Gender issues Flashcards
1
Q
What is ‘Piece Romantique’?
A
- Composed by Cecile Chaminade
- Able to publish because of educational element/pedagogical function e.g. important notes were printed bigger
- Was considered a piece for women, emphasising social grace by lots of hand crossing
- Not virtuosic, rather enabling decorum
2
Q
What questions/issues does Cecile Chaminade’s career raise about gender?
A
- Only publishable because of pedagogical function/for women
- Despite her music containing intellectual content (Eugene Gigout referred to her piano trios as ‘well-worked’), she could never be canonised
- By end of her career she only published salon music for commercial benefit, so not canonised
- Class issues: didn’t suffer from class restriction
3
Q
What issues arose from female composers linked to male composers (by marriage/family etc)?
A
- The woman in the pair always undermined/put down
- E.g. Gustav Mahler asked Alma if he could read ‘my music as yours’ and would ‘prefer not to discuss “your” music’.
- But later he encouraged her to publish compositions e.g. No.5 of 5 songs (1910) which is even more chromatic, and more declamatory in style than Gustav’s work,
- Sense of loss in what could have been for Alma.
4
Q
Describe some 19th century views of women that might impact their role as composers:
A
- Binary between women seen as the ‘angel of the house’ and a ‘sexualised hysteric/whore’
- Freud did experiments with women, linking mental illness to sexuality
- Jean Jaques Rousseau, 18th century theorist: had a theory of women as underveloped/childish
- Mind-body split between men and women: men have intellectual power, but women possessed with dangerous emotional power which had to be protected (veiled method of control)

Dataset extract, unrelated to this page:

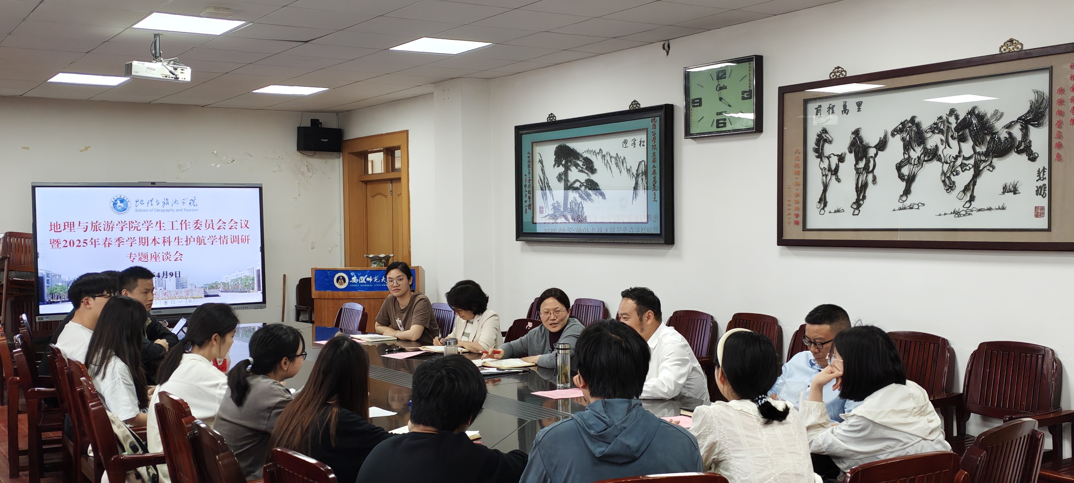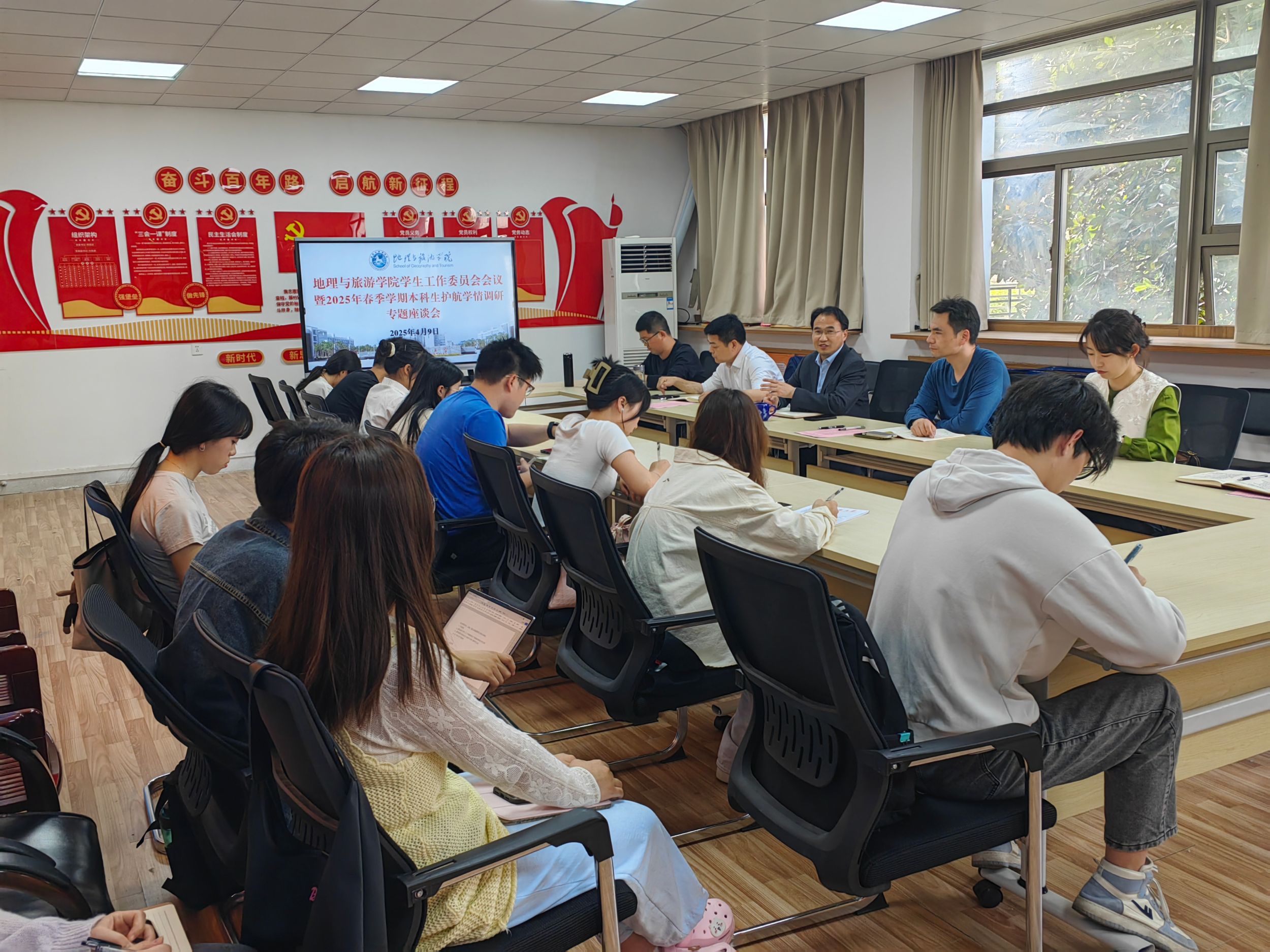 为扎实推进时代新人铸魂工程,全面实施大学生护航行动计划,有针对性做好学生教育管理和服务工作,4月9日下午,beat365英国官方网站在学院行政楼召开学生工作委员会会议,专题研判2025年春季学期本科生护航学情。座谈会根据专业和年级分为地理地拔地信(非毕业班)、旅游土地城规(非毕业班)和2025届本科毕业生分会场,学院学生工作委员会委员、辅导员以及各班级学生代表参加会议。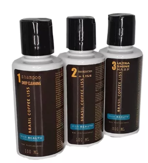 Kit Brasil Coffee Liss; es un alisado de 3 pasos, de 100ml; a base de café, sin formol ni derivados, está compuesto por ácido láctico y cítrico el cual elimina frizz y volumen.

- Therefore women were seen as needing to be kept in the house, away from composition etc
- J.Swinburne, ‘Women and Music’ (1919-20) describes women’s ‘evil effects’ on music. Argues they don’t have intellectual capacity for composition.
5
Q
What was the musical expectation of women at the beginning of the 19th century?
A
- Only sung or played piano
- Piano kept them ‘locked in the house’
- Both a social accomplishment, to make them seem more attractive
- Wind instruments unseemly as they obscured/contorted the face
6
Q
What implications did Holmes’ gender have on her success?
A
- Holmès only successful when composing nationalist music
- She wasn’t allowed to go to the paris conservatoire and instead was taught privately
- Flop was the opera La Montagne Noir (1895) wasn’t nationalist so got all the typical critiques of women. Love story, so critics said it didn’t contain any originality; compared to the ‘very real talent…with nothing of the feminine about it’. For them, feminine=failure.
7
Q
How did Lili Boulanger overcome male prejudice at the Prix de Rome?
A
- In patriarchal society with pervasive/male-dominated views of the role of women in society Lili had to adapt in order to gain recognition (as femme fragile/androgynous)
- Not able to rely on the genius of her musical ability, like men could
- Cantata ‘Sirenes’ - both her and Nadia set music about sirens, women able to control men.
8
Q
How did Lili Boulanger portray herself at the Prix de Rome?
A
- Nadia had entered in 1907 and had presented herself as a ‘femme nouvelle’ (early feminist movement, pushing the boundaries of what women could do in patriarchal society)
- Lili presented herself as a ‘femme fragile’ - not openly threatening the gender ideals of the time.
- Young enough to come across as androgynous child genius - her conducting described as ‘subdued’, and wore androdgynous clothes (likened to a sailor’s outfit).